[Recorded data]
--- START ---

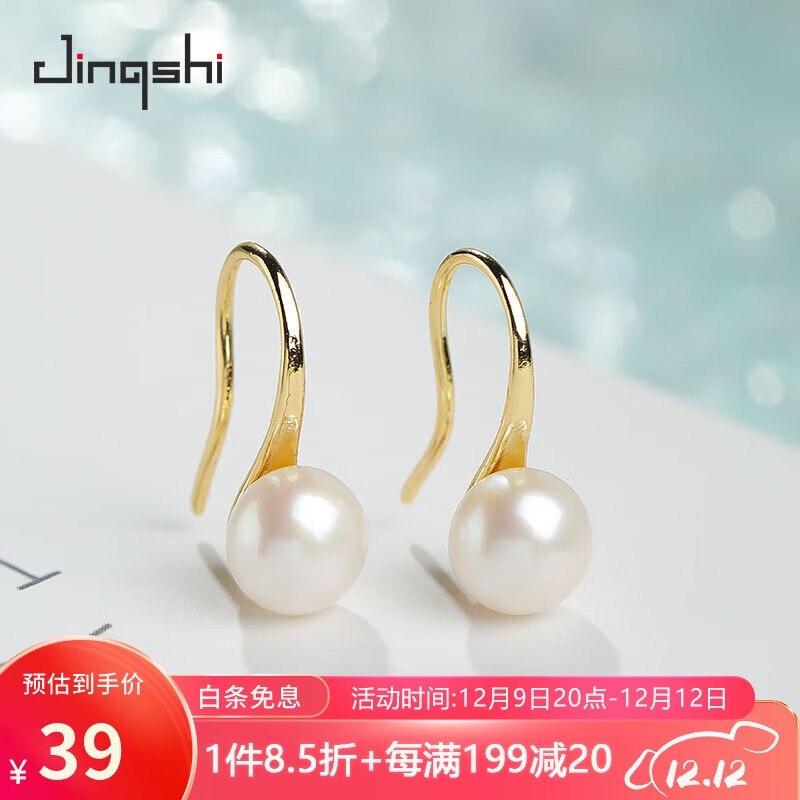 ¥49 景饰 星耀珍珠耳环耳钉馒头高跟鞋款淡水珍珠耳饰7-8mm送爱人送女友 59
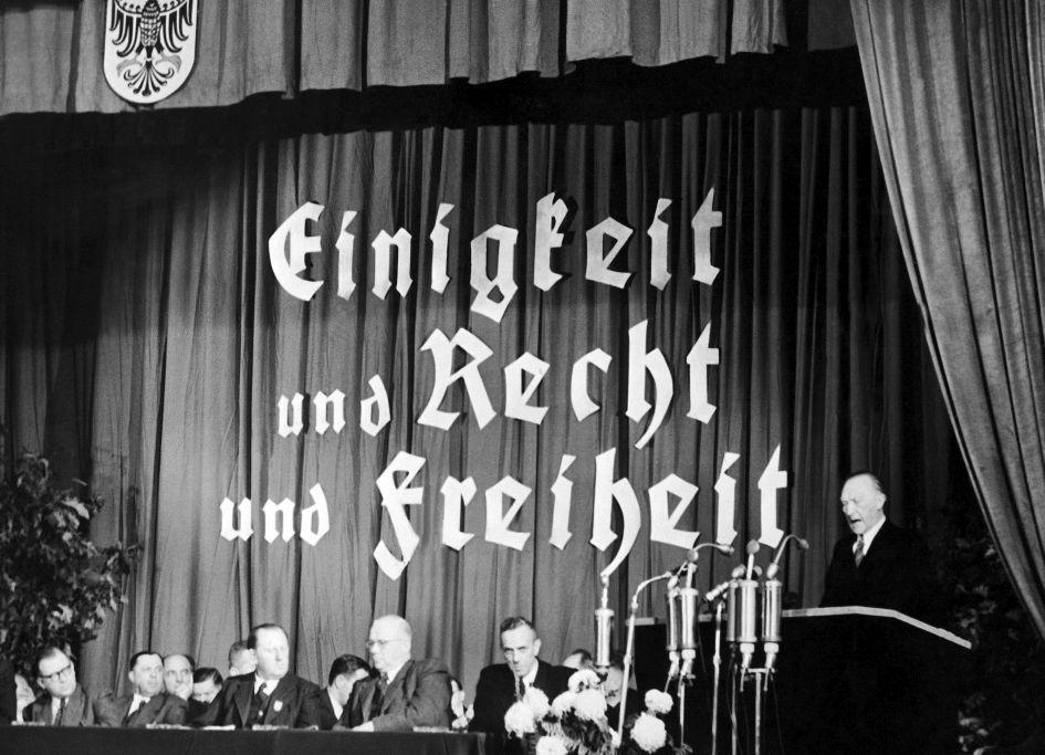 Das schwang deutlich im Eröffnungsreferat Adenauers vor den 385 Delegierten und 600 Gästen, nicht zuletzt auch christliche Demokraten aus den Nachbarländern, mit dem programmatischen Titel „Deutschlands Stellung und Aufgabe in der Welt“ mit: Es sei der einzige Weg, den Frieden zu sichern, den Westen stark zu machen, und es werde keinen Krieg geben, „wenn Sowjet-Rußland eine Macht gegenübergestellt wird, die ihm gewachsen ist“. Das christliche Gedankengut der CDU sei eine große Hilfe beim Kampf gegen den „Bolschewismus“. Es werde sich entscheiden, so Adenauer in zeittypischer Pathetik, „ob Freiheit, Menschenwürde, christlich-abendländisches Denken der Menschheit erhalten bleibt oder ob der Geist der Finsternis und der Sklaverei, ob der anti-christliche Geist für eine lange Zeit seine Geißel über die hilflos am Boden liegende Menschheit schwingen wird“.
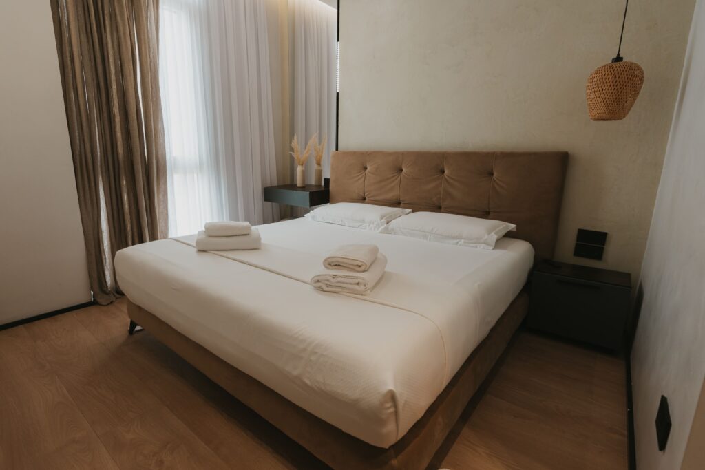 Kjo dhomë standarde, ideale për dy persona, është dizajnuar për të krijuar një atmosferë të ngrohtë, intime dhe relaksuese, ku drita natyrale dhe freskia e bregdetit mbushin çdo cep.
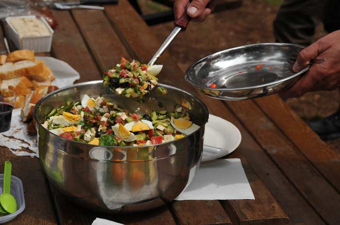 Fleißige Hände bereiteten einen köstlichen Salat aus dem mitgebrachten, frischen Gemüse und den Kräutern, dazu gab es Brot und Früchte zum Nachtisch, selbst an eine Flasche Wein war gedacht worden.
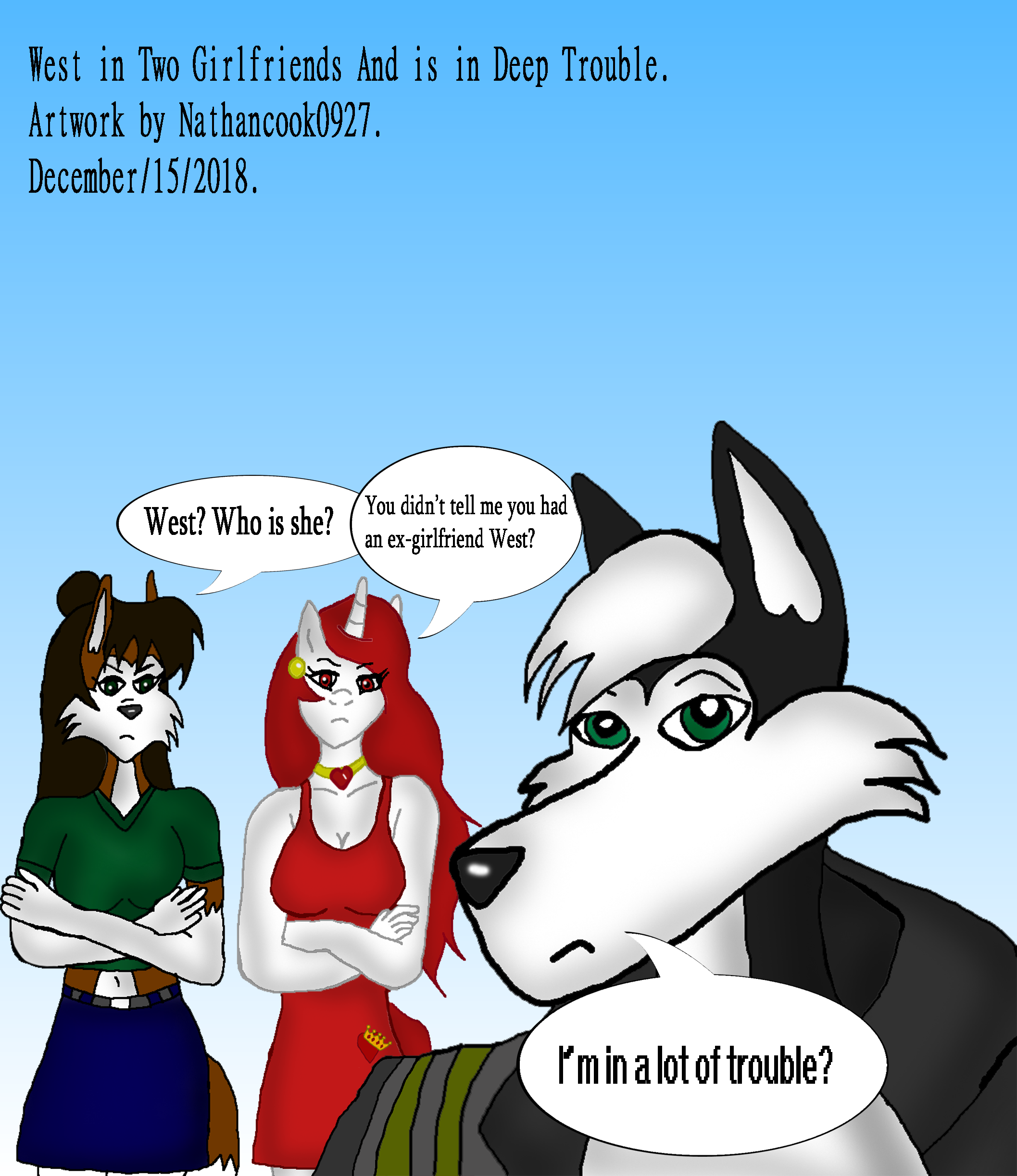 When I'd create West I would later create Téa to ship him with to avoid shipping him with anyone's OC and time after time of building up the 2 character around the 2010's I would break them up when West goes to prison for is vigilantism while she was raising their kids while being unmarried due to West trying to keep them from becoming a target from any of his enemies by keeping them out of his life until Téa decides to leave him permanently forcing him in a deep depression and joining the Military Volunteer program for prisoners hoping to die in combat until his Military crew were sent to Equestria where instead of dying West kind of learn to live again and ended up becoming MIA and would end up taking odd jobs until he was hired by the Red Mare as her hit man she would develop an interest in West even show her affections at him until some time later Téa would find him and question him.
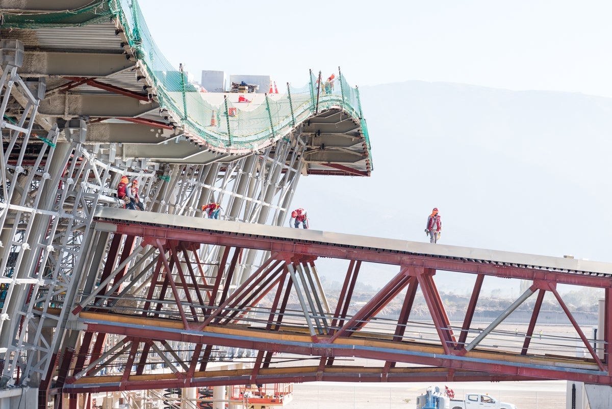 Watching an airport come together is almost like taking in a performance of Cirque Du Soleil, with choreographed and harnessed workers wherever you look. Walking back to the older terminal, I'm struck by the fact that what makes this building so incredible is the engineering behind it and the thousands of details that no one can actually see: the joints and structures that will keep it — and passengers — safe should an earthquake happen. In that respect, at least, Nuevo Pudahuel is a pure expression of form and function coming together artfully.
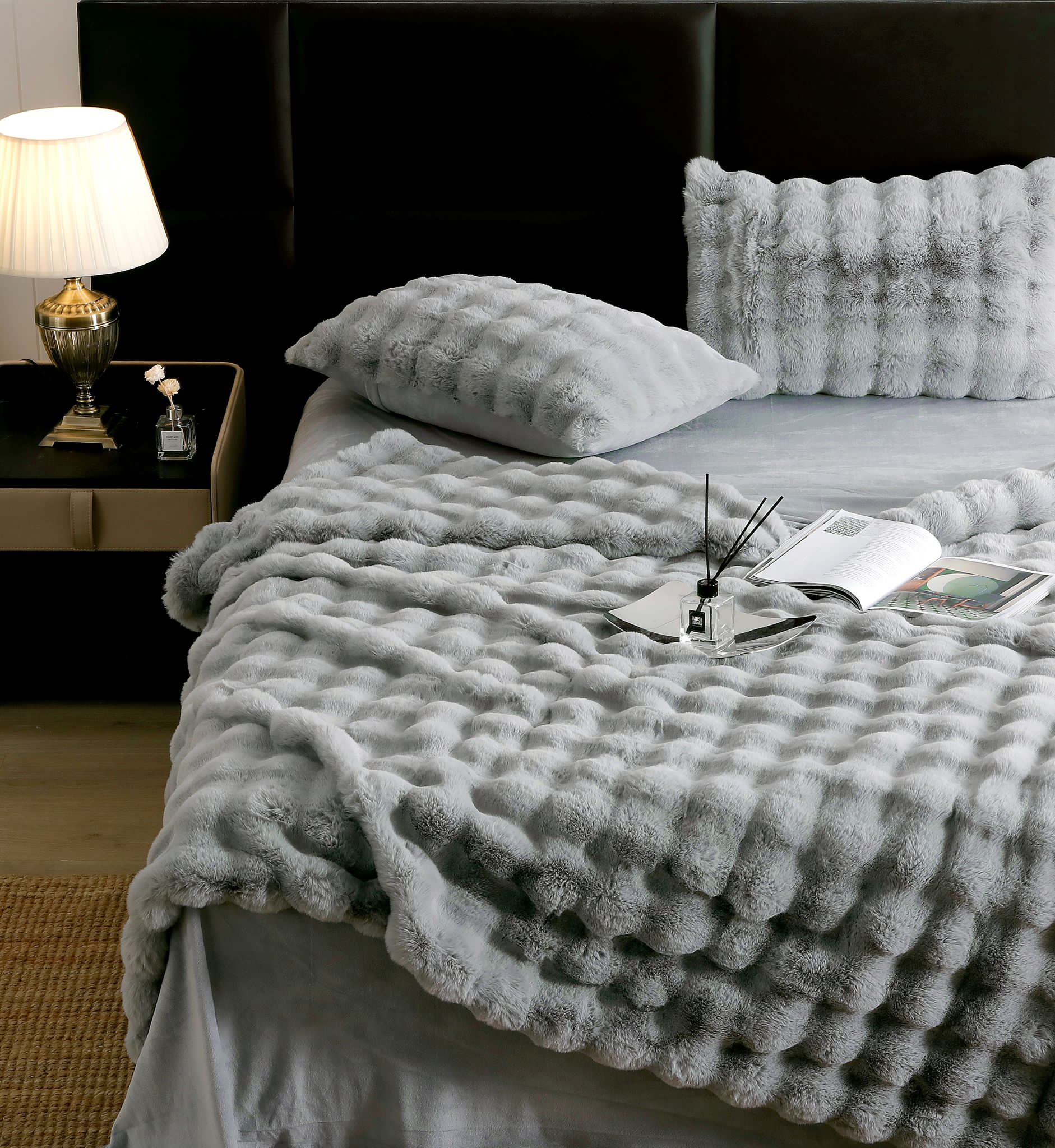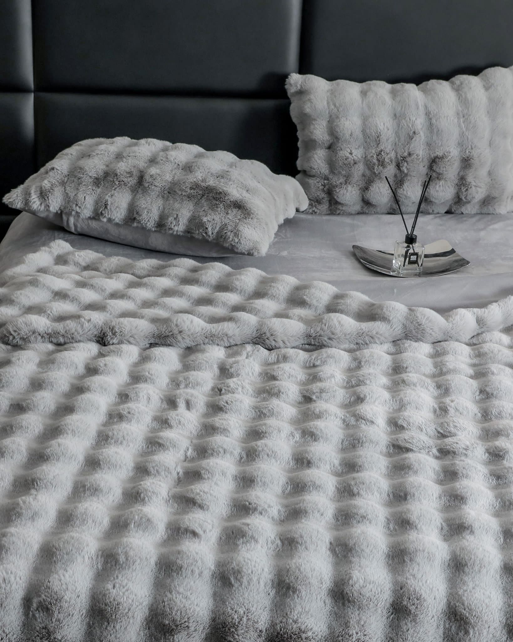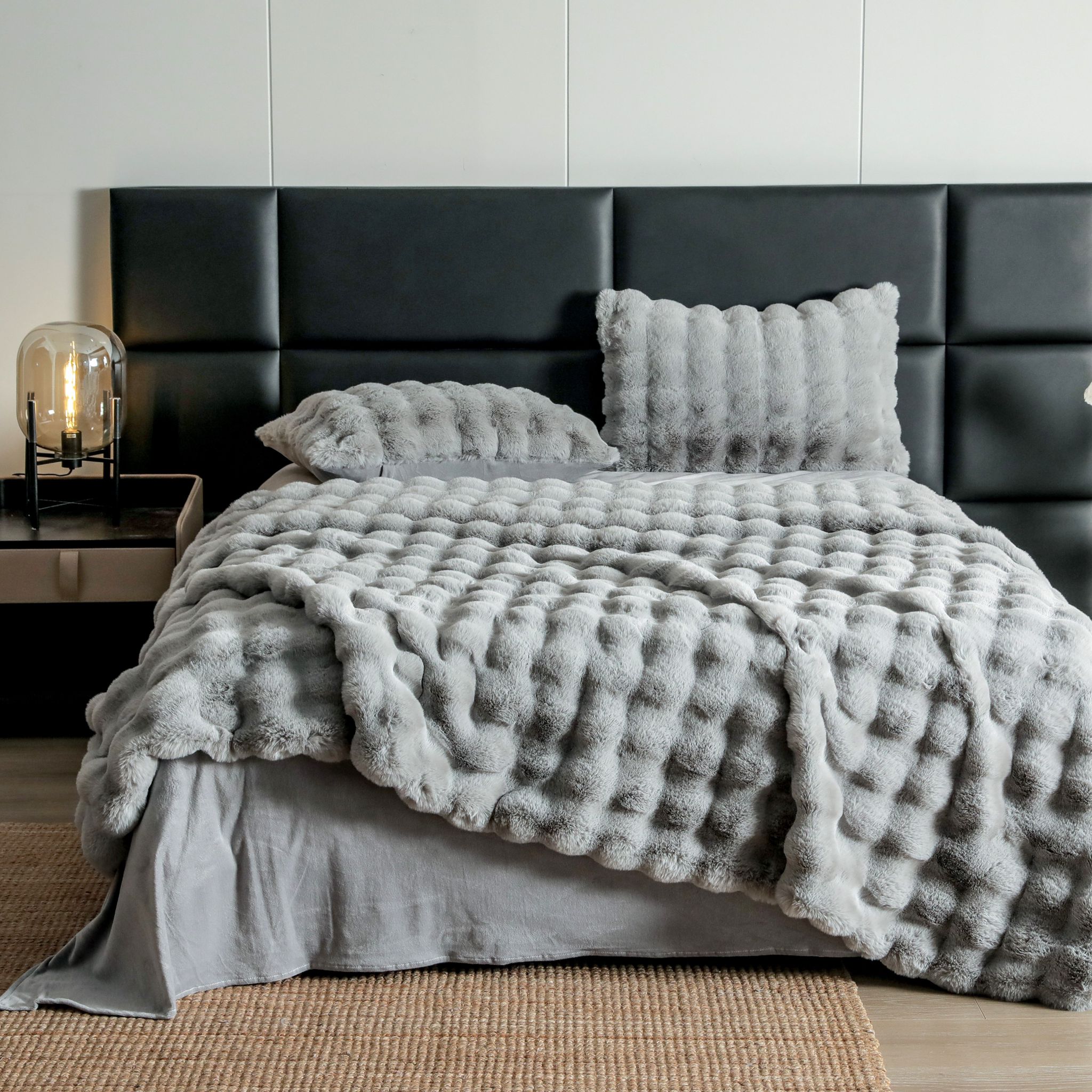 Descoperiti lenjeriile noastre pentru pat dublu, cu 6 piese, confectionate din blanita artificiala de iepure. O adevarata mangaiere pentru simturi, aceste lenjerii combina eleganta cu confortul absolut. Cu un design pufos si gros, ele promit caldura si protectie in cele mai reci nopti. Lasa-te invaluit de moliciunea si rafinamentul lor, si transforma-ti somnul intr-o experienta de lux! Aceste lenjerii nu sunt doar o declaratie de stil, ci si promisiunea unui somn adanc si linistit
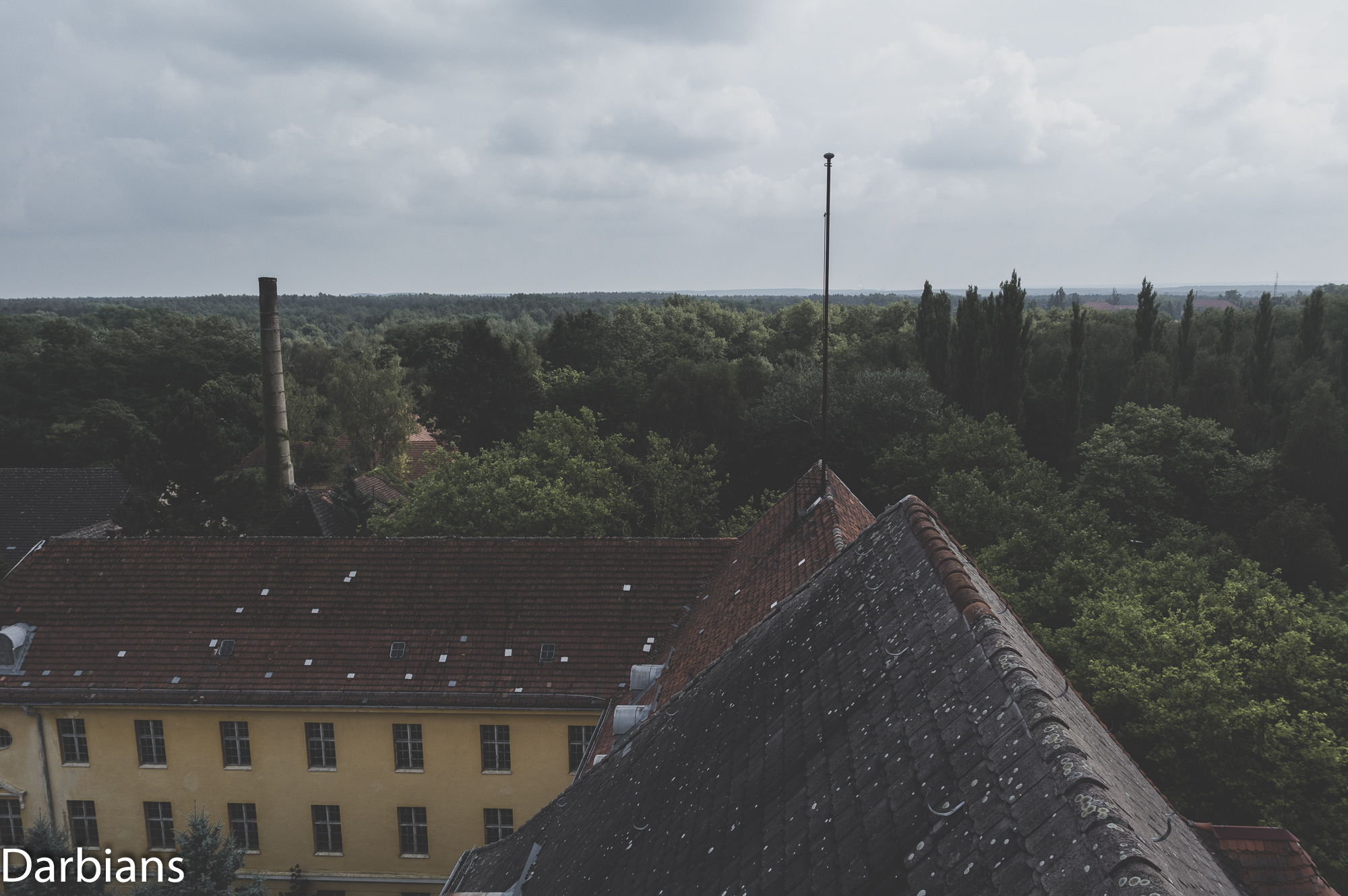 Haus Der Offiziere Wünsdorf Main Building. Set in Dense forest, the chimney is from the boiler house at the swimming pool.

--- END ---

■ **Exercise requirements**: Transcribe the entries above exactly, from their first line through the line with "When I'd create", and omit all pictures.

■ **Task output**:
 ¥49 景饰 星耀珍珠耳环耳钉馒头高跟鞋款淡水珍珠耳饰7-8mm送爱人送女友 59
 Das schwang deutlich im Eröffnungsreferat Adenauers vor den 385 Delegierten und 600 Gästen, nicht zuletzt auch christliche Demokraten aus den Nachbarländern, mit dem programmatischen Titel „Deutschlands Stellung und Aufgabe in der Welt“ mit: Es sei der einzige Weg, den Frieden zu sichern, den Westen stark zu machen, und es werde keinen Krieg geben, „wenn Sowjet-Rußland eine Macht gegenübergestellt wird, die ihm gewachsen ist“. Das christliche Gedankengut der CDU sei eine große Hilfe beim Kampf gegen den „Bolschewismus“. Es werde sich entscheiden, so Adenauer in zeittypischer Pathetik, „ob Freiheit, Menschenwürde, christlich-abendländisches Denken der Menschheit erhalten bleibt oder ob der Geist der Finsternis und der Sklaverei, ob der anti-christliche Geist für eine lange Zeit seine Geißel über die hilflos am Boden liegende Menschheit schwingen wird“.
 Kjo dhomë standarde, ideale për dy persona, është dizajnuar për të krijuar një atmosferë të ngrohtë, intime dhe relaksuese, ku drita natyrale dhe freskia e bregdetit mbushin çdo cep.
 Fleißige Hände bereiteten einen köstlichen Salat aus dem mitgebrachten, frischen Gemüse und den Kräutern, dazu gab es Brot und Früchte zum Nachtisch, selbst an eine Flasche Wein war gedacht worden.
 When I'd create West I would later create Téa to ship him with to avoid shipping him with anyone's OC and time after time of building up the 2 character around the 2010's I would break them up when West goes to prison for is vigilantism while she was raising their kids while being unmarried due to West trying to keep them from becoming a target from any of his enemies by keeping them out of his life until Téa decides to leave him permanently forcing him in a deep depression and joining the Military Volunteer program for prisoners hoping to die in combat until his Military crew were sent to Equestria where instead of dying West kind of learn to live again and ended up becoming MIA and would end up taking odd jobs until he was hired by the Red Mare as her hit man she would develop an interest in West even show her affections at him until some time later Téa would find him and question him.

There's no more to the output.